The goal of `SVM` is to produce a model (based on the training data) which predicts the target values of the test data given only the test data attributes.

### Data Preprocessing

#### Categorical Feature
`SVM requires that each data instance is represented as a vector of real numbers`. Hence, if there are categorical attributes, we first have to convert them into numeric data. We recommend `one-hot-encoding`.

#### Scaling
Scaling before applying `SVM` is very important. The main advantage of scaling is to avoid attributes in greater numeric ranges dominating those in smaller numeric ranges. Another advantage is to avoid numerical difficulties during the calculation. Because kernel values usually depend on the inner products of feature vectors, e.g. the linear kernel and the polynomial kernel, large attribute values might cause numerical problems.
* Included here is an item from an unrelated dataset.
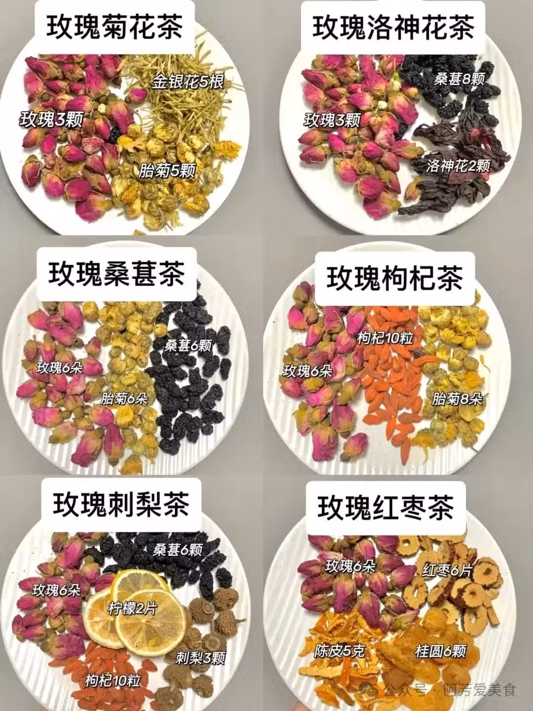 玫瑰菊花茶非常的清爽,玫瑰的花香搭配菊花清爽的口感,喝上一口感覺身體都清爽了不少。玫瑰紅棗茶則是帶一絲甜甜的,加入了陳皮和桂圓,口感更豐富。
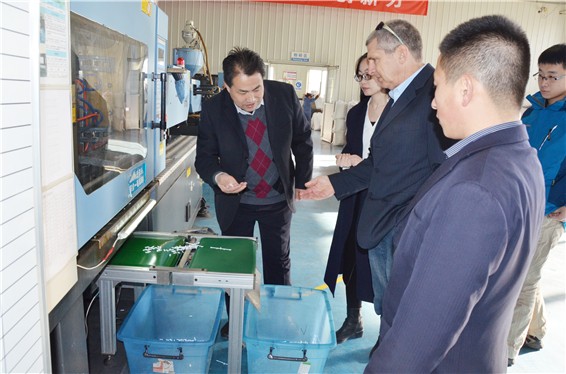 大禹節(jié)水(天津)有限公司常務(wù)副總經(jīng)理潘鈺向Tzur Harel先生介紹滴頭的生產(chǎn)工藝

We recommend linearly scaling each attribute to the range [−1, +1] or [0, 1]. Of course we have to use the same method to scale both training and testing data.

## References
- [LIBSVM](https://www.csie.ntu.edu.tw/~cjlin/libsvm/)
- [A Practical Guide to Support Vector Classification](https://www.csie.ntu.edu.tw/~cjlin/papers/guide/guide.pdf) - The `support vector machine (SVM)` is a popular classification technique. However, beginners who are not familiar with SVM often get unsatisfactory
results since they miss some easy but significant steps. In this guide, we propose
a simple procedure which usually gives reasonable results.